En conséquence, le moyen soulevé sera rejeté.
Sur le fond
Vu le certificat médical initial, dressé le 28 aout 2024, par le Docteur [I] ;
Vu le certificat médical dit des 24 heures, dressé le 29 aout 2024, par le Docteur [U] [R] ;
Vu le certificat médical dit des 72 heures, dressé le 30 aout 2024, par le Docteur [C] [X] ;
Dans un avis motivé établi le 2 septembre 2024, le Docteur [U] [R] conclut à la nécessité du maintien des soins sous la forme d'une hospitalisation complète. Il est notamment relevé que la patiente , malgré une amélioration de son état, a un discours empreint d'un vécu délirant à thématique de persécution. L'état clinique n'est pas encore stabilisé.
Il convient, au regard de ces éléments, les restrictions à l'exercice des libertés individuelles de Madame [K] [B] EPOUSE [J], née le 04 Janvier 2024 à MANTES-LA-JOLIE (78200), demeurant 26 rue du vieux pilori - 78200 MANTES-LA- JOLIE étant adaptées, nécessaires et proportionnées à son état mental et à la mise en oeuvre du traitement requis, l'intéressé se trouvant dans l'impossibilité de consentir aux soins en raison des troubles décrits, son état nécessitant des soins assortis d'une surveillance constante, de dire que la mesure de soins psychiatriques sous la forme d'une hospitalisation complète sera, en l'état, maintenue.
PAR CES MOTIFS
Statuant publiquement, par ordonnance contradictoire et en premier ressort,
Rejetons le moyen d'irrégularité soulevé,
Ordonnons le maintien de la mesure de soins psychiatriques sous forme d'hospitalisation complète de Madame [K] [B] EPOUSE [J] ;
Rappelons que l'ordonnance du juge des libertés et de la détention est susceptible d'appel devant le Premier Président de la Cour d'Appel de Versailles dans un délai de dix jours à compter de sa notification. Seules les parties à la procédure définies à l'article R.3211-13 du CSP peuvent faire appel (requérant, personne sous soins psychiatriques, préfet ou directeur d'établissement le cas échéant). Le ministère public peut, dans tous les cas, interjeter appel dans le même délai. La déclaration d'appel motivée est transmise par tout moyen au greffe de la Cour d'Appel de Versailles qui en avise sur-le-champ le greffier du tribunal judiciaire et fait connaître la date et l'heure de l'audience aux parties, à leurs avocats, au tiers qui a demandé l'admission en soins et au directeur d'établissement. A moins qu'il n'ait été donné un effet suspensif à l'appel, le premier président statue dans les douze jours de sa saisine. Ce délai est porté à vingt-cinq jours si une expertise est ordonnée. Adresse : Monsieur le Premier Président - Cour d'Appel de Versailles - 5, rue Carnot RP 1113 - 78011 VERSAILLES Cedex (télécopie : 01 39 49 69 04 - téléphone : 01 39 49 68 46 et 01 39 49 69 13 ).

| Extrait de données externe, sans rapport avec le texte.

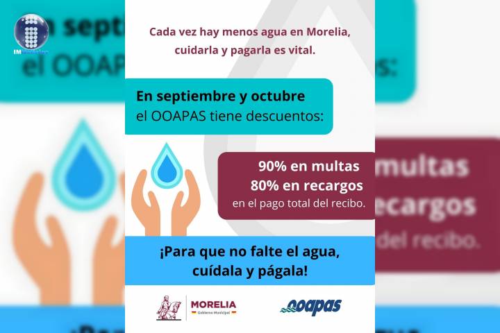 NOTICIAS 30/08/2020El OOAPAS Arranca Programa De Descuentos En Multas Y RecargosA partir de este martes, el Organismo Operador de Agua Potable Alcantarillado y Saneamiento de Morelia (OOAPAS) arrancará un programa de descuentos llamado "Para que no falte el agua, cuídala y págala", dirigido a los usuarios que presentan rezago en su recibo del agua, para que puedan ponerse al corriente.

Rappelons que sur le fondement des dispositions des articles L 3211-12-4, R. 3211-16 et R 3211-20 du code de la santé publique le recours n'est pas suspensif d'exécution, sauf décision du Premier Président de la Cour d'appel de Versailles déclarant le recours suspensif à la demande du Procureur de la République ;
Laissons les éventuels dépens à la charge du Trésor Public ;
Prononcée par mise à disposition au greffe le 05 Septembre 2024 par Madame Aurélia GANDREY, vice-président, assisté de Mme Axelle MATEOS, greffier, qui ont signé la minute de la présente décision.